Review by Susan T. Landry
Published by Knopf and Headline Publishing Group
I can’t remember the exact circumstances that led me to plunge into Maggie O’Farrell’s Hamnet two years ago. I am a reasonably omnivorous reader, but rarely choose historical fiction when looking for a new book to get lost in. Not sure why, exactly; maybe I’m a bit of a snob and concerned that I would have to endure a tidal wave of sword plunging and bodice-ripping. Regardless, I was thrilled to find myself woefully mistaken. Maggie O’Farrell has a far more subtle and seductive approach to history. Hamnet knocked my socks off. When I heard O’Farrell had a new book out, I quickly added my name to the wait list at the library.
The Marriage Portrait is set in Italy in the mid-1500s, during the Renaissance. The landscape is rich with forests, castles, and moats, dukes, duchesses and princesses, and all the requisite maids and servants that cushion the life of royalty.
The primary character, Lucrezia de’ Medici, is an imagined version of a real person, the very young duchess recently married to the much older Alfonso, Duke of Ferrara. Lucrezia’s family, the Medicis, were historically powerful politicians and bankers, and as such were both emboldened by their power, and yet fearful of losing it to others.
The critical component in this saga for the Ferrara family was the necessity to nullify the family’s lack of a boy child in their lineage. They desperately needed the teenage bride of Alfonso to produce an heir.
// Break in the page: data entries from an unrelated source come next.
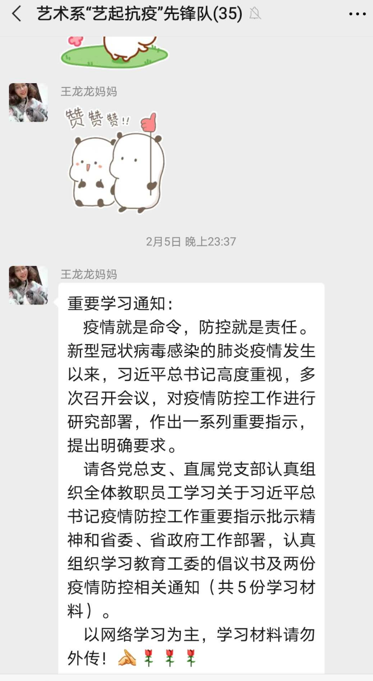 艺术系"艺起抗疫"先锋队队长王萍萍老师给各位党员们布置学习任务
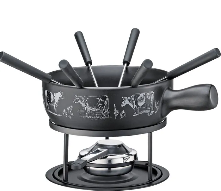Das Set setzt sich aus einem hochwertigen Fondue-Topf mit einem Durchmesser von 22 cm, einem Rechaud mit Untersatz, einem Patenbrenner und sechs Käsefonduegabeln an. Der Topf besteht aus feuerfester Keramik und aus hochwertigem Edelstahl. Er hat eine zylindrische Form und zeigt sich mit einer klassischen schwarzen Oberfläche. Abgerundet wird das Design durch die aufgemalten Kühe, die sich in Weiß kontrastreich von dem dunklen Topf von KÜCHENPROFI abheben. Dieser eignet sich für alle Herdarten, außer für Induktion.
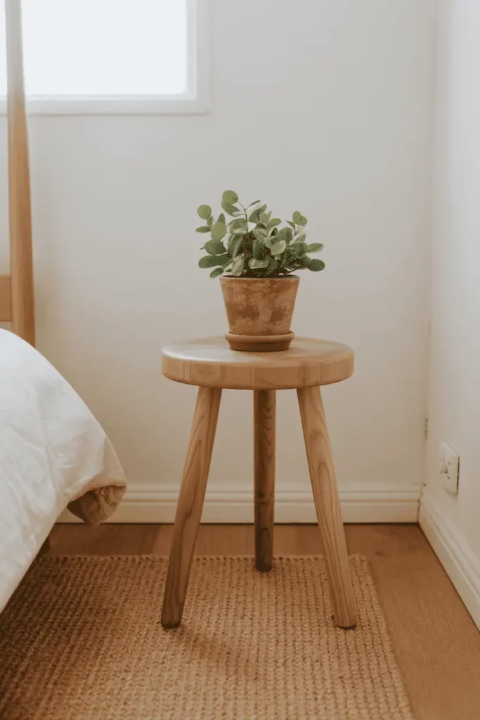 A low wooden stool — something simple, three-legged or cylindrical — works as an occasional side table, a plant stand, or a place to set a water glass at night. It’s adaptable, movable, and it reinforces wood as the room’s primary material without requiring permanent placement.
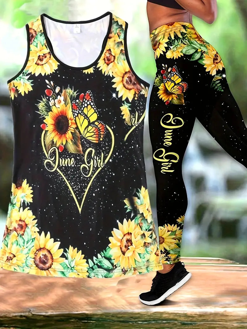 Conjunto de duas peças de fitness com estampa de girassol, de cintura alta para ioga
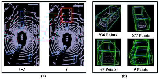The nuScenes point cloud dataset label visualization result. In the figure, gray dots represent original point clouds, blue boxes represent annotated bounding boxes, and green boxes represent potentially plausible ground-truth bounding boxes. (a) shows the case of label mismatch between two adjacent frames in the nuScenes dataset (object in the red box area is labeled in the previous frame and is not labeled in the current frame). (b) shows that each point cloud object may have multiple potential ground-truth bounding boxes with different sizes, shapes, and orientations, especially objects with very few points due to long distance and serious occlusion (the lower right position in the figure).
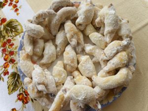 Hozzávalók: 1 kg liszt, 2 dl tejföl, 40 dkg sertészsír, 10 dkg porcukor, 3 vaníliás cukor, 5 dkg élesztő, 1 dl tej, 1 tojás, 15 dkg szilvalekvár. A sütemények díszítéséhez további 15 dkg porcukor.
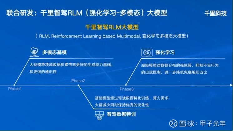 横向来看,千里科技推出了千里智驾RLM大模型,全面覆盖基础大模型训练、智驾数据特训,以及强化学习三个密切相关的环节。
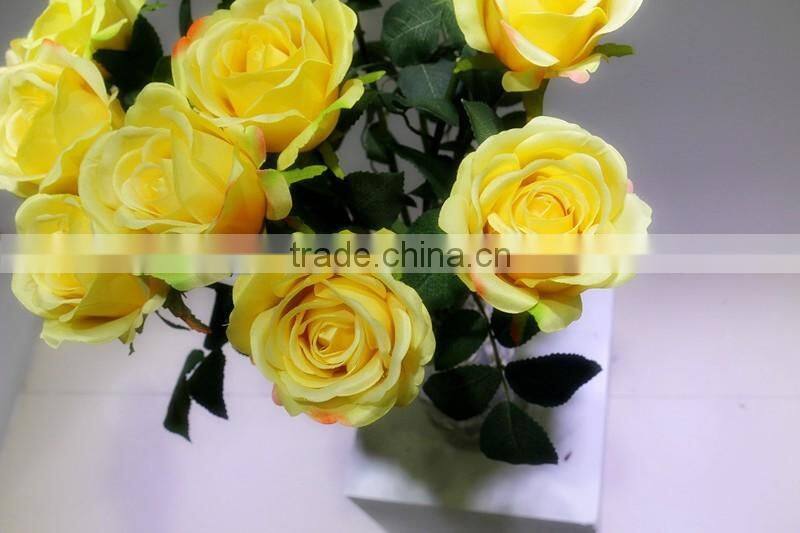 Half opening yellow artificial silk rose has different size as requirement. The perfect focal point in your wedding bouquets for a classic and stylish look.
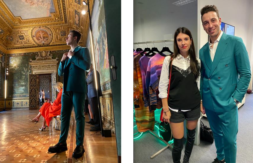 Cruciani ha presentato la linea Yezael “Dangerous Holidays a Coli e ai Bluvertigo, arrivati per il party direttamente da Verona dove avevano cantato al tributo per Franco Battiato la sera prima. La collezione nasce da una visione di una natura che si riappropria della terra dopo la pandemia, quando ci sono stati i lockdown umani. Prevede una palette di colori che ha 20 diverse sfumature d’azzurro, dall’indaco al turchese. La festa della quotidianità ha il sopravvento sul buio: una moda estiva serena, così come ci auguriamo tutti.

The crude truth was that procreation was her only job. Any interests, talents, inclinations that Lucrezia had beyond that of baby maker were belittled and actively discouraged.
The build-up to this imperial task and how the expectations are dealt with by all involved propels the story. O’Farrell deftly tantalizes the reader’s desire to know what will happen, and keeps the plot unfurling steadily, albeit with the random stroll through a few low-key side plots that whet the appetite for the greater drama. The title of the book hints at one of the more important distractions; I’ll let you discover the pleasure in following the machinations that interweave both major and minor characters toward the creation of the commissioned marriage portrait.
The primary lure for me as a reader was my endless admiration for O’Farrell’s beautiful writing. Her descriptions of wild animals, natural surroundings, clothing, ancient structures, and the emotional subtleties of the different players are truly remarkable, wonderfully illustrative and free of cliché. I found myself rereading sentences not for plot nor lack of clarity, but simply for the joy of language.